Testicular extracellular matrix/gelatin-based scaffold using gas foaming to support spermatogonial stem cells.

作者信息

Momeni Maryam, Ashtiani Mohammad Kazemi, Bashiri Zahra, Bagher Zohreh, Asgari Hamidreza, Koruji Morteza

机构信息

Stem Cell and Regenerative Medicine Research Center, Iran University of Medical Sciences, Tehran, Iran.

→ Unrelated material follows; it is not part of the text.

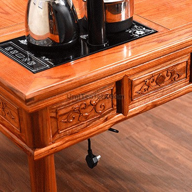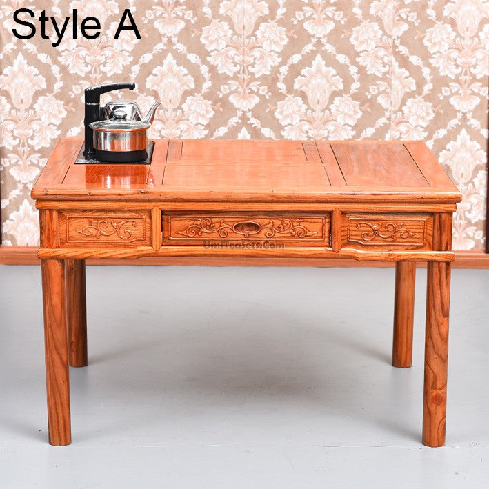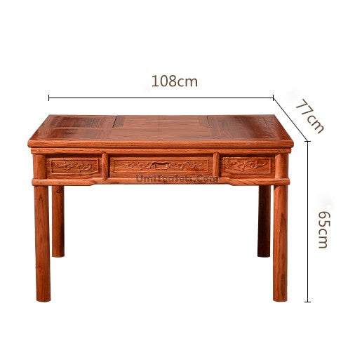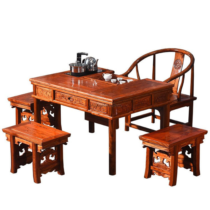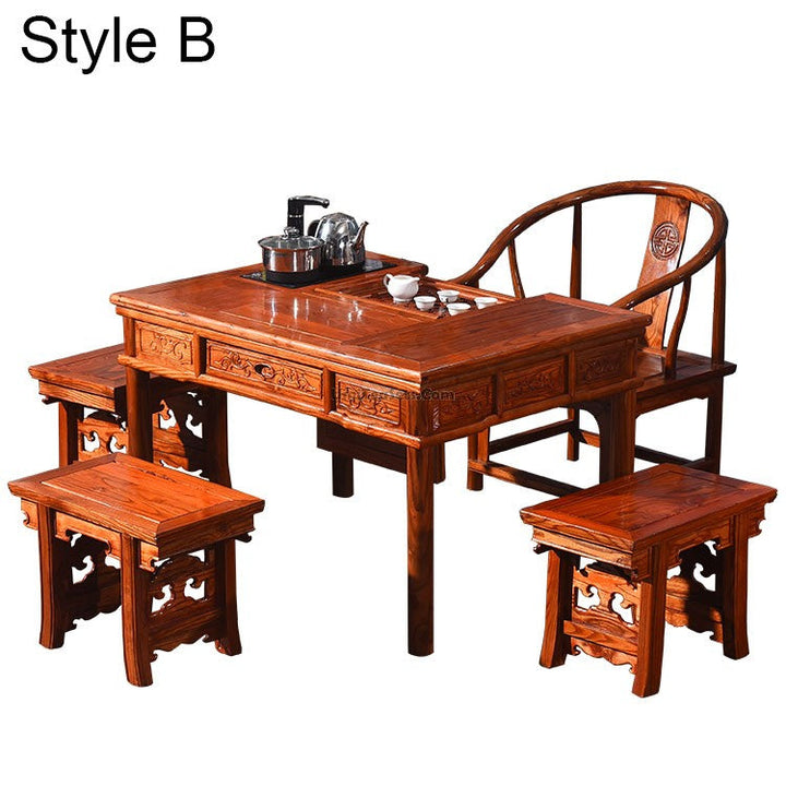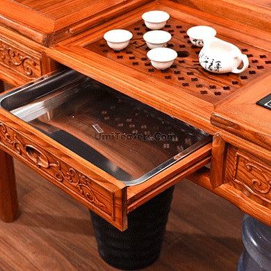 Chinese tea table is a teaware that used for brewing tea, washing tea items, pumping and drawing water. Chinese people like to drinking tea and tasting the true meaning of life when brew tea on a gongfu tea table. Tea table also is a tool for drinking tea. With it, drinking tea will be more enjoyable. The tea brewing process is complicated, but you can brewing tea on it more easily. Chinese Vintage Gong Fu Tea Table With Stools is actually a multi-functional table. It not only will provide an elegant platform to display your tea set, tea and tea accessories when in use. It also makes a ideal gift for tea lover, because to stand it on office or house, it will be a perfect decoration and a table to entertain guest. Gongfu tea table is the most representative ceremony in China's ancient tea culture. This is not only because tea has a health-care function in many respects, but since ancient times, tea has the artistic conception of ""waiting for a gentleman and clearing the body"". Therefore, own this Gongfu tea table to brew tea will be the most healthy way to drink tea. Style A Includes 1 Kung Fu Tea Table, 1 Stainless Steel Teapot, 1 Stainless Steel Wash Pot, 1 Induction Cooker.Kung Fu Tea Table Length 108 cm (42.51"), Width 80 cm (31.49"), Height 68 cm (26.77"). Style BIncludes 1 Kung Fu Tea Table, 1 Host Chair, 3 Guest Chairs, 1 Stainless Steel Teapot, 1 Stainless Steel Wash Pot, 1 Induction Cooker. Kung Fu Tea Table Length 108 cm (42.51"), Width 80 cm (31.49"), Height 68 cm (26.77"). Host Chair Length 58 cm (22.83"), Width 90 cm (35.43"), Height 36 cm (14.17"). Guest Chair Length 50 cm (19.68"), Width 32 cm (12.59"), Height 39 cm (15.35"). Once your order has placed, it would take about 10-15 days to make and produce the tea table and chairs, and we will ship them out in next 48 hours then. The shipping time would take 9-15 days. So we hope you can be patient to wait for it.Chinese Vintage Gong Fu Tea Table With Stools will be a luxurious Chinese decoration on office or house as a exquisite craftsmanship. Tea tastings on this works of art are a very special experience.Chinese Vintage Gong Fu Tea Table With Stools will be a luxurious Chinese decoration on office or house as a exquisite craftsmanship. Tea tastings on this works of art are a very special experience.

Department of Anatomy, School of Medicine, Iran University of Medical Sciences, Tehran, Iran.

出版信息

Iran J Basic Med Sci. 2025;28(8):1107-1118. doi: 10.22038/ijbms.2025.83885.18150.

Abstract

OBJECTIVES

Developing a bioactive testicular scaffold has been proposed as a potential option to preserve male fertility. Using the gas foaming method, this study aimed to fabricate an effective and highly porous scaffold derived from a gelatin-testicular extracellular matrix.

MATERIALS AND METHODS

Male ram testis decellularization was performed using a combination of NaCl buffer and Triton. Then, evaluations were done for 4',6-diamidino-2-phenylindole, hematoxylin-eosin staining, and quantitative DNA content. Masson's trichrome, Alcian blue, and orcein staining were conducted to ensure the maintenance of ECM components post-decellularization. Porous scaffolds were fabricated using gelatin incorporation with various concentrations of extracted ECM via the gas foaming method. The mechanical and structural characteristics of the scaffolds, along with evaluations of cell spreading and penetration depth, were performed. Furthermore, scaffolds were used to culture mouse spermatogonial stem cells to investigate the morphology, viability, and adhesion of the cells on the scaffolds.

RESULTS

Our results showed successful decellularization of testicular tissue, resulting in significant removal of DNA content while preserving ECM major components. The hybrid scaffolds exhibited uniform porous microstructures with a pore size average ranging from 298-330 μm. There were no significant differences in biodegradation and swelling ratios between the scaffolds. The cell penetration index significantly increased in gel-ECM by 5% compared to other groups. Also, ECM5% led to increased cell attachment and viability, proper compressive strength, and a decrease in Young's module.

CONCLUSION

Our study suggests that using a combination of testicular ECM and gelatin shows promise in constructing bioartificial testes through the gas-foaming method.

摘要

目的

开发一种生物活性睾丸支架被认为是一种保留男性生育能力的潜在选择。本研究旨在通过气体发泡法制备一种由明胶-睾丸细胞外基质衍生的有效且高度多孔的支架。

材料与方法

使用氯化钠缓冲液和 Triton 的组合对雄性公羊睾丸进行去细胞处理。然后,对 4',6-二脒基-2-苯基吲哚、苏木苏木苏木精-伊红染色以及定量 DNA 含量进行评估。进行 Masson 三色染色、阿尔辛蓝染色和orcein 染色以确保去细胞后细胞外基质成分的维持。通过气体发泡法将明胶与不同浓度的提取细胞外基质混合制备多孔支架。对支架的力学和结构特性以及细胞铺展和穿透深度进行评估。此外,使用支架培养小鼠精原干细胞,以研究细胞在支架上的形态、活力和粘附情况。

结果

我们的结果表明睾丸组织成功去细胞,导致 DNA 含量显著去除,同时保留细胞外基质的主要成分。混合支架呈现出均匀的多孔微观结构,平均孔径范围为 298 - 330μm。支架之间的生物降解率和膨胀率没有显著差异。与其他组相比,凝胶-细胞外基质中的细胞穿透指数显著增加了 5%。此外,5%的细胞外基质导致细胞附着和活力增加、抗压强度合适以及杨氏模量降低。

结论

我们的研究表明,通过气体发泡法将睾丸细胞外基质和明胶结合使用在构建生物人工睾丸方面具有前景。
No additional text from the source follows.